January, 2012. Our next foster dog was Taypa, a 2 year old Boxer mix with a sad backstory. According to IndyHumane: "Taypa was confiscated by Animal Care and Control along with one surviving puppy. The mom and pup had been locked in a windowless box without food or water. Needless to say, Taypa is very shy, especially of men."
They gave her a Native American-Miwok name which means "To spread wings". It's pronounced like "Teypuh".
She was very scared at first, especially of men standing or walking nearby, including me, so I spent a couple of hours over two days working with her at IndyHumane before bringing her home. Taypa and Boomer hit it off well, but she was very scared on our first few walks in the neighborhood. Strangers, barking dogs, trash cans, wind gusts and me just clearing my throat were enough to spook her and make her tail slink down underneath her belly. So lots of slow going at first.

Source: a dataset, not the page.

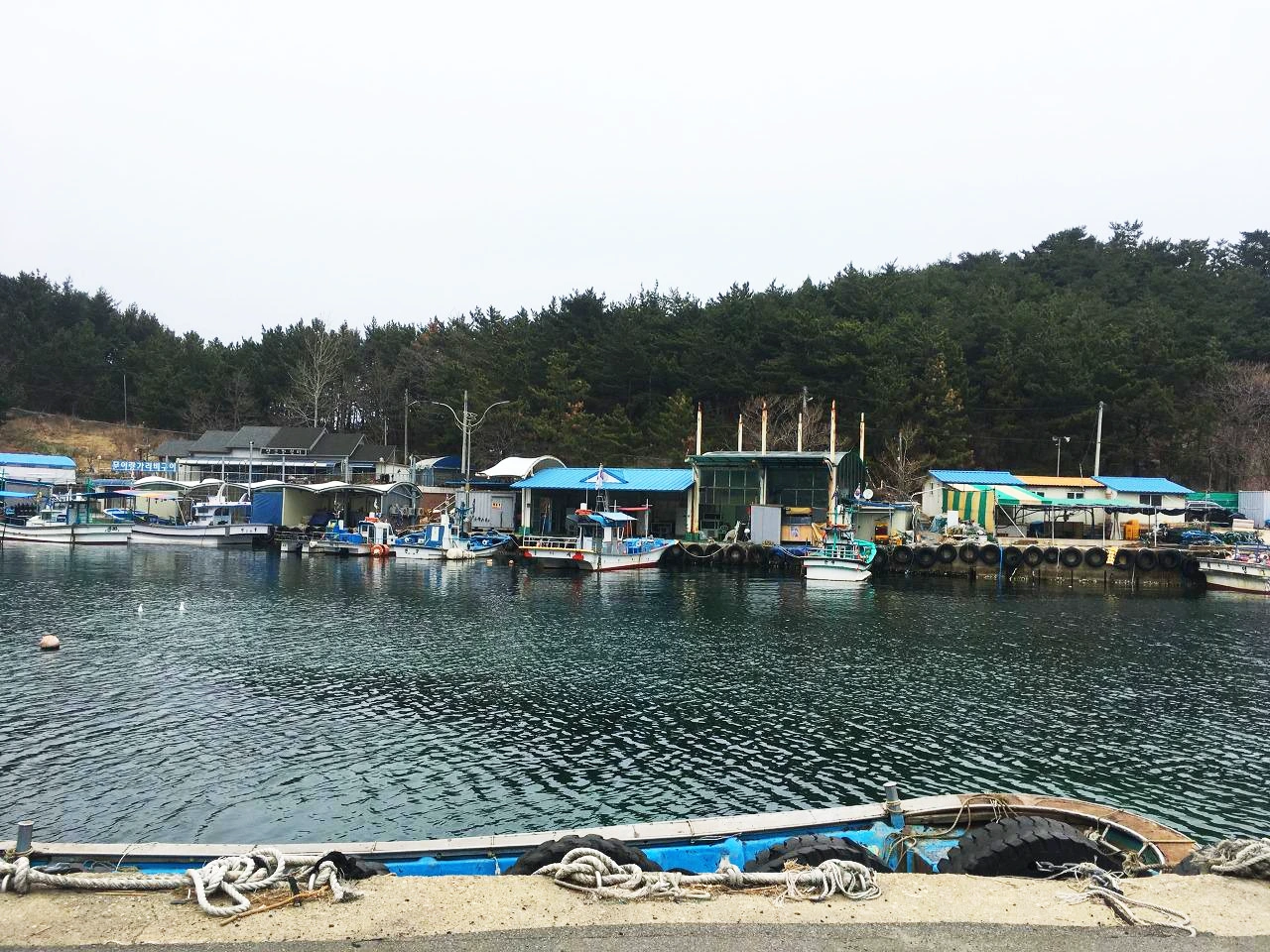 가는 중에 작은 만에 배들이 쉬고 있어서 차를 세웠다. 잠시 내려서 걸어보니, 조용하고 운치가 있는 포구 마을이다. 지난겨울에 갔던 제주도 구좌읍 시흥리가, 작은 만을 이룬 모양과 분위기가 비슷하여 머릿속에 떠오른다.

After awhile she began to chill out and became very lovey-dovey, including instantly bonding with my wife. She loves to put her paws up on whoever is giving her affection. She's been completely housetrained and hasn't tried to chew anything she wasn't suppose to.
Over the next few days she transformed into a happy, tail-wagging dog while at our house and in our backyard. Her confidence improved a great deal on our morning runs, although she would occasionally get spooked by trucks or men nearby. She loved wrestling and playing tug-of-war with Boomer. They often slept together on the same doggie bed.

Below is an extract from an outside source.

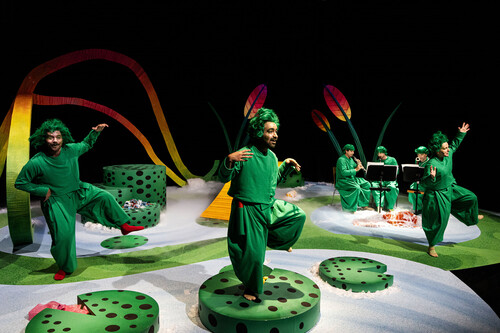 Den ganzen Tag Fliegen essen und nachts im Mondschein bei schöner Musik im Teich baden – alle Frösche lieben ihr Froschleben! Wenn nicht eines Tages ein Froschmädchen durch Zufall eine Krone finden, sich zur Königin der Frösche erklären und das Gleichgewicht im Teich durcheinanderbringen würde. Denn eine Königin muss ihre Fliegen nicht mehr selber fangen, darf Befehle erteilen und auch mal andere Frösche bestrafen. Aber reicht eine Krone aus, um Königin zu sein? Davide Calìs gleichnamiges Kinderbuch über Machtwillkür und Gleichheit wird im JUST in dieser Spielzeit als Musiktheateruraufführung erstmals auf die Bühne gebracht.

Slower walks were still more of a challenge, as several different sights or sounds would still send her tail slinking down. After a few days I made her walk back and forth in front of whatever had spooked her until it became less of an issue.

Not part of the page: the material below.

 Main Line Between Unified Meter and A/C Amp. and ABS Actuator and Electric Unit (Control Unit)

We had Taypa for two and a half weeks, enough for her to “spread her wings” in the secure environment of our home and yard and familiar morning runs. She was very affectionate and well behaved, earning the rare privilege of being trusted off leash in our front yard. She got along well with women and our nieces we had over, but still was pretty shy of strange men and loud trucks.
Taypa didn’t get adopted at first so I got to spend a few more sessions with her at the shelter walking her around and getting her to overcome some of her shyness, which had greatly diminished.
She was adopted a few weeks after she went back. Her new owner later sent an email telling them that she was doing well. Good for you Taypa!